→ **Data excerpt**
------------

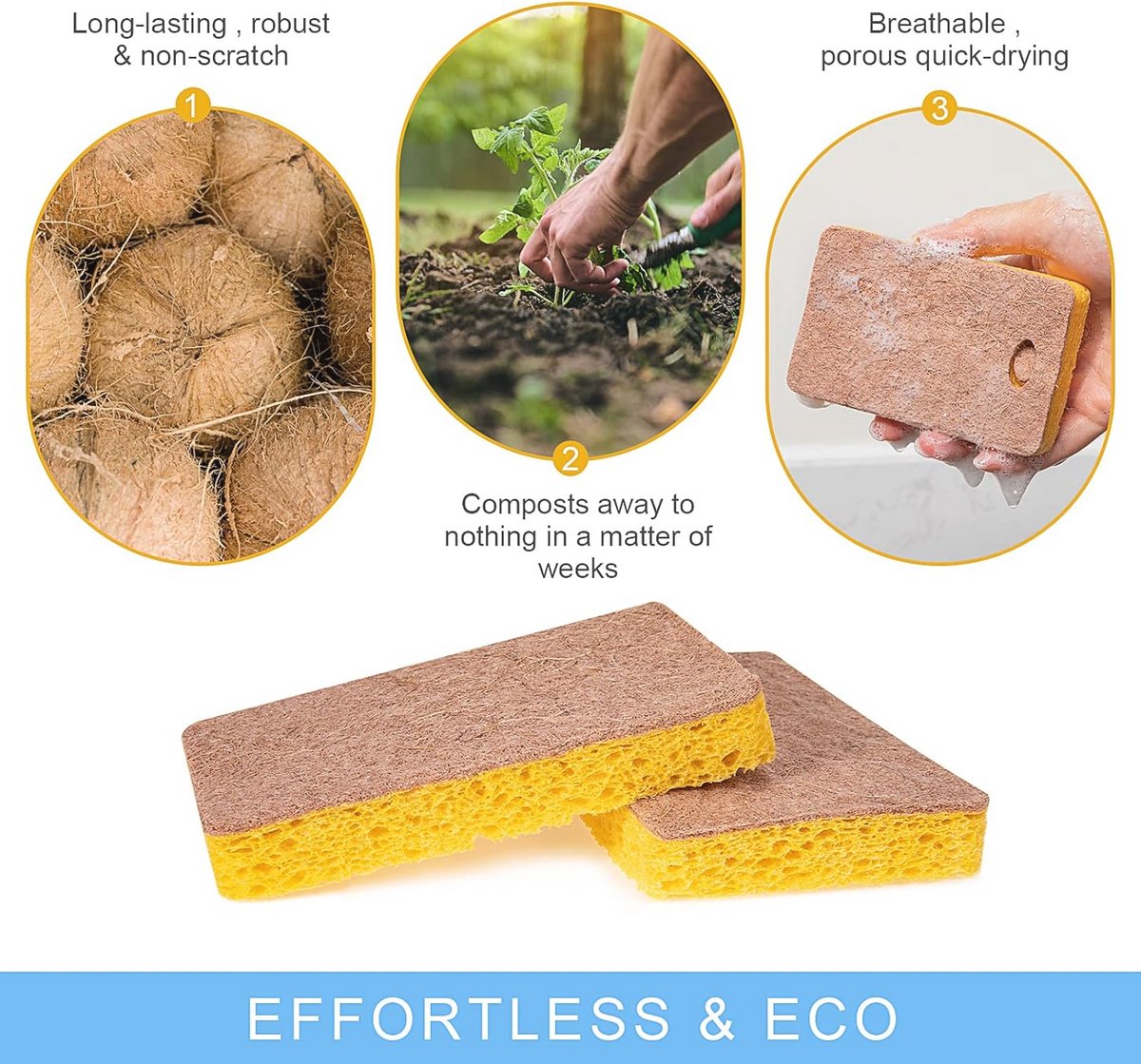 Set of 10 biodegradable kitchen sponges, made with natural materials such as cellulose, sisal and coconut fibers, guaranteeing gentle cleaning and total compostability.
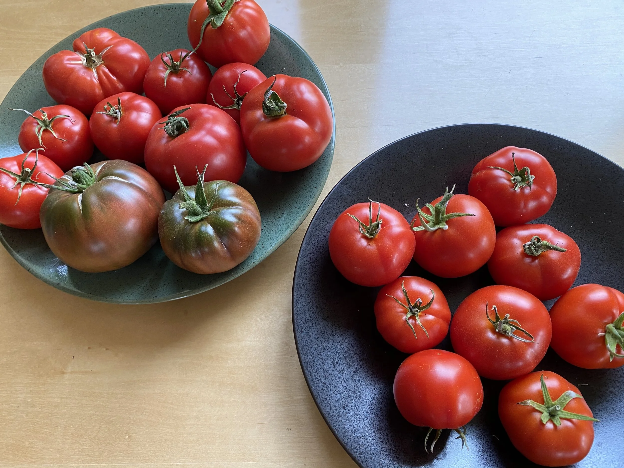‘Early Girl’ and ‘Stupice’ do acceptably most years. ‘San Francisco Fog’ on the right stood in for ‘Stupice’ this year. It is similar to ‘Early Girl’ but smaller in my garden. The ‘Early Girl’ tomatoes are on the left plate next to the ‘Black Krim,’ my favorite tomato; though Cherokee Purple might be close. ‘Black Krim’ seems to split less for me but I plan to try Cherokee Purple again next year.
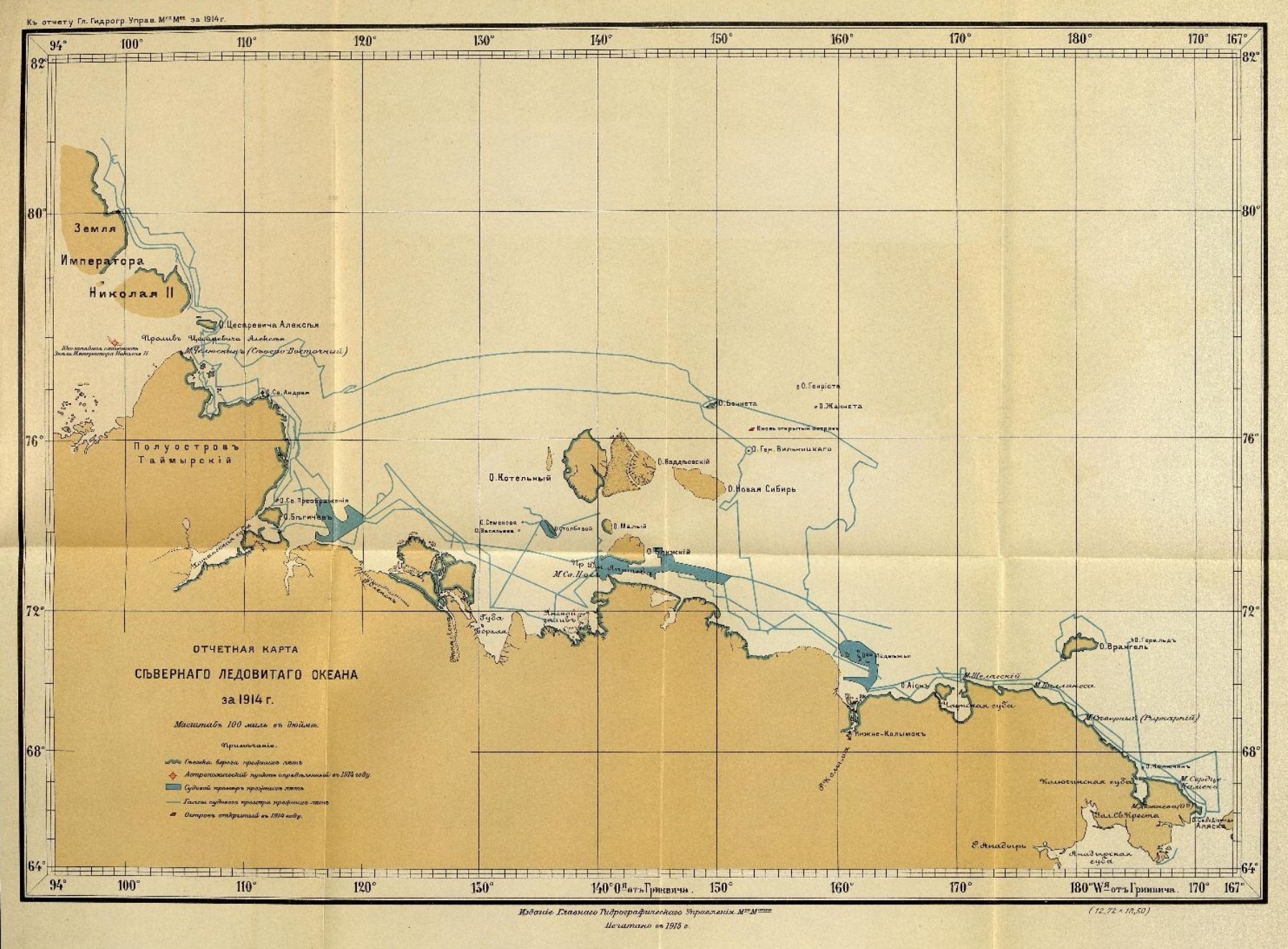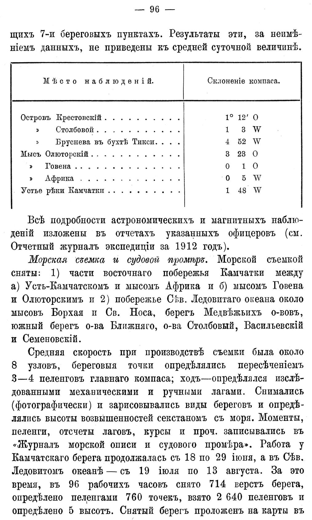 Работы по гидрографіи и метеорологіи. За время своего плаванія и зимовки гидрографическая экспедиція Сѣвернаго Ледовитаго океана описала южный берегъ земли ИМПЕРА-ТОРА НИКОЛАЯ II, западные берега острова ЦЕСАРЕВИЧА АЛЕКСѢЯ и берегъ полуострова Короля Оскара.

------------

In the reply, every line of the material above is to be reproduced verbatim, and the images are to be left out.

→ **Response to this task**
 Set of 10 biodegradable kitchen sponges, made with natural materials such as cellulose, sisal and coconut fibers, guaranteeing gentle cleaning and total compostability.
‘Early Girl’ and ‘Stupice’ do acceptably most years. ‘San Francisco Fog’ on the right stood in for ‘Stupice’ this year. It is similar to ‘Early Girl’ but smaller in my garden. The ‘Early Girl’ tomatoes are on the left plate next to the ‘Black Krim,’ my favorite tomato; though Cherokee Purple might be close. ‘Black Krim’ seems to split less for me but I plan to try Cherokee Purple again next year.
 Работы по гидрографіи и метеорологіи. За время своего плаванія и зимовки гидрографическая экспедиція Сѣвернаго Ледовитаго океана описала южный берегъ земли ИМПЕРА-ТОРА НИКОЛАЯ II, западные берега острова ЦЕСАРЕВИЧА АЛЕКСѢЯ и берегъ полуострова Короля Оскара.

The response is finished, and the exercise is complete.